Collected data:

::::::

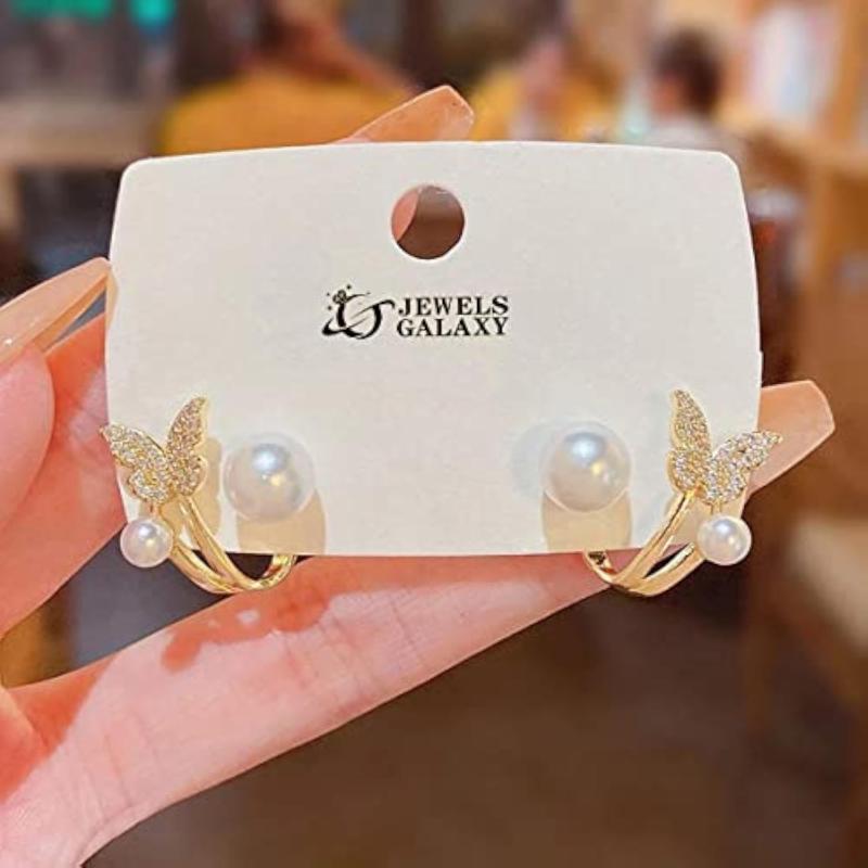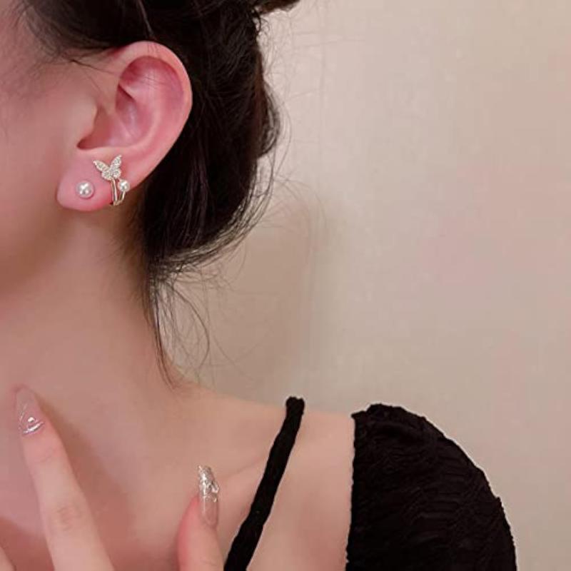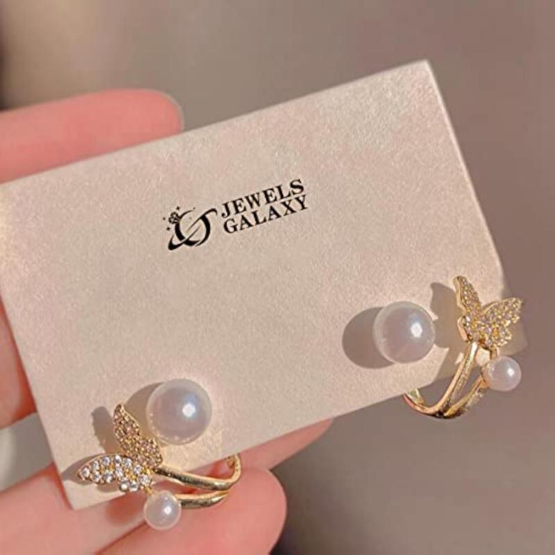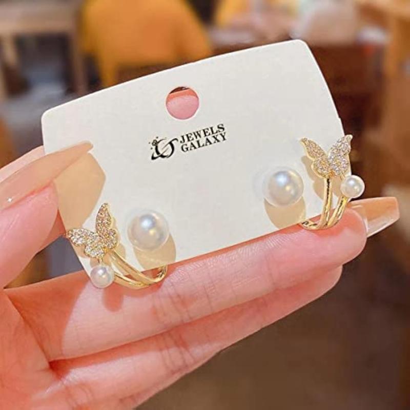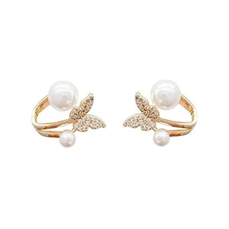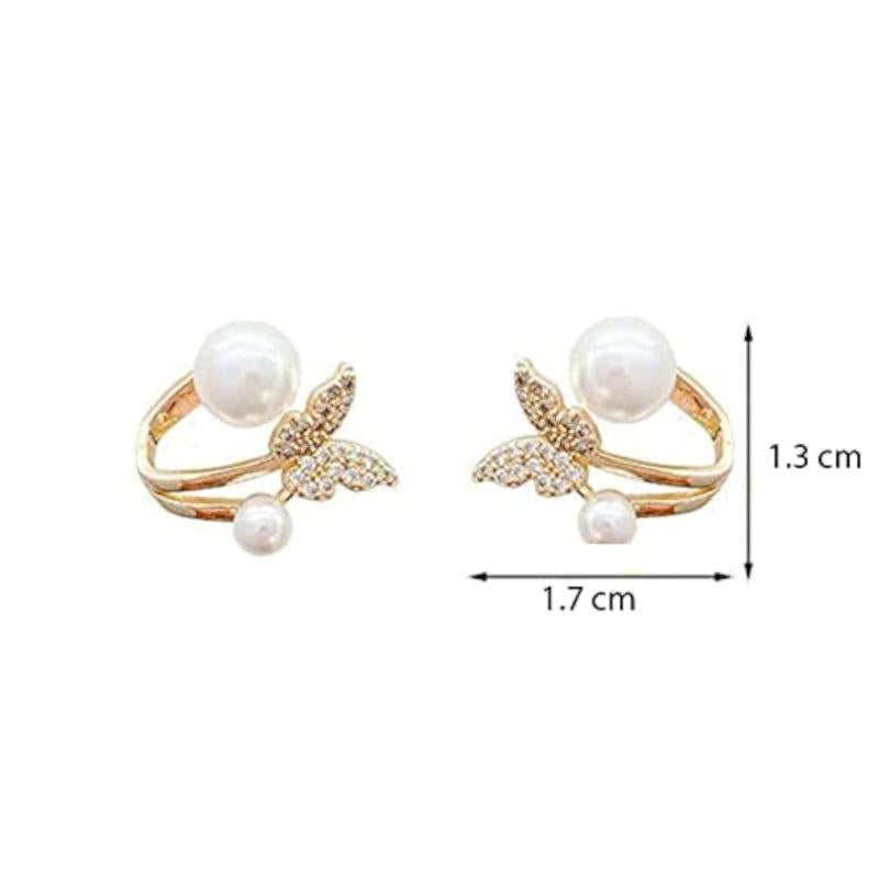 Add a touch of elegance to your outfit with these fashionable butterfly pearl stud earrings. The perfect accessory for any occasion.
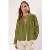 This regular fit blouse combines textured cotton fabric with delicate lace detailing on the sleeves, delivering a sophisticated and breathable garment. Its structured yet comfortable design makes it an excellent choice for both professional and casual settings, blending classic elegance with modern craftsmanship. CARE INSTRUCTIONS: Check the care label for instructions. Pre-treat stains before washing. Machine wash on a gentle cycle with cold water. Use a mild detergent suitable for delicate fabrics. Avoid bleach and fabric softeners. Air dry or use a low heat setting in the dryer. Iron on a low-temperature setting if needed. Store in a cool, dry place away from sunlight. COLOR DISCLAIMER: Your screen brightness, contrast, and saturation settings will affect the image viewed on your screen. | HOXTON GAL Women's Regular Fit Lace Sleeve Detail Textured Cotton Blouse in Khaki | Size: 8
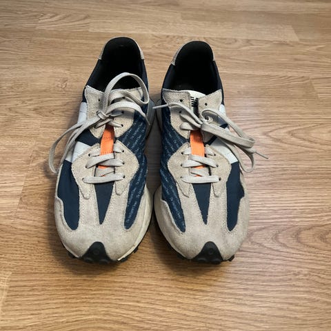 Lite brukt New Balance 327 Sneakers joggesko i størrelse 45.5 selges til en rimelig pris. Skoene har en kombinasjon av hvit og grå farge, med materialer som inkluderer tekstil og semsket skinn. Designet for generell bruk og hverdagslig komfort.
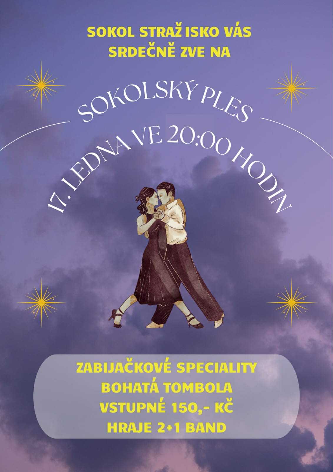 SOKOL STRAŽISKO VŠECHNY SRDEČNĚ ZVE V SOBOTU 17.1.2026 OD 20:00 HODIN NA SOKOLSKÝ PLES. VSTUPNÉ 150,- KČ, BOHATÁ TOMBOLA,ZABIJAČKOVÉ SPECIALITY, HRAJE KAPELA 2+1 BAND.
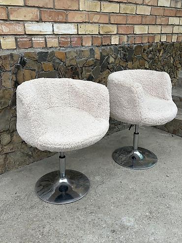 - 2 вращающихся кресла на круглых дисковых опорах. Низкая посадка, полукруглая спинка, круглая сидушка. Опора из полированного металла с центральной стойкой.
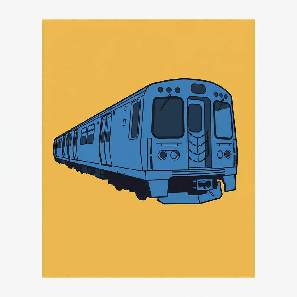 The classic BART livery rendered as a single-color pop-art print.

::::::

EXERCISE REQUIREMENTS:
Could you write all the entries out again exactly, but without their pictures?

RESPONSE BELOW:
 Add a touch of elegance to your outfit with these fashionable butterfly pearl stud earrings. The perfect accessory for any occasion.
 This regular fit blouse combines textured cotton fabric with delicate lace detailing on the sleeves, delivering a sophisticated and breathable garment. Its structured yet comfortable design makes it an excellent choice for both professional and casual settings, blending classic elegance with modern craftsmanship. CARE INSTRUCTIONS: Check the care label for instructions. Pre-treat stains before washing. Machine wash on a gentle cycle with cold water. Use a mild detergent suitable for delicate fabrics. Avoid bleach and fabric softeners. Air dry or use a low heat setting in the dryer. Iron on a low-temperature setting if needed. Store in a cool, dry place away from sunlight. COLOR DISCLAIMER: Your screen brightness, contrast, and saturation settings will affect the image viewed on your screen. | HOXTON GAL Women's Regular Fit Lace Sleeve Detail Textured Cotton Blouse in Khaki | Size: 8
 Lite brukt New Balance 327 Sneakers joggesko i størrelse 45.5 selges til en rimelig pris. Skoene har en kombinasjon av hvit og grå farge, med materialer som inkluderer tekstil og semsket skinn. Designet for generell bruk og hverdagslig komfort.
 SOKOL STRAŽISKO VŠECHNY SRDEČNĚ ZVE V SOBOTU 17.1.2026 OD 20:00 HODIN NA SOKOLSKÝ PLES. VSTUPNÉ 150,- KČ, BOHATÁ TOMBOLA,ZABIJAČKOVÉ SPECIALITY, HRAJE KAPELA 2+1 BAND.
 - 2 вращающихся кресла на круглых дисковых опорах. Низкая посадка, полукруглая спинка, круглая сидушка. Опора из полированного металла с центральной стойкой.
 The classic BART livery rendered as a single-color pop-art print.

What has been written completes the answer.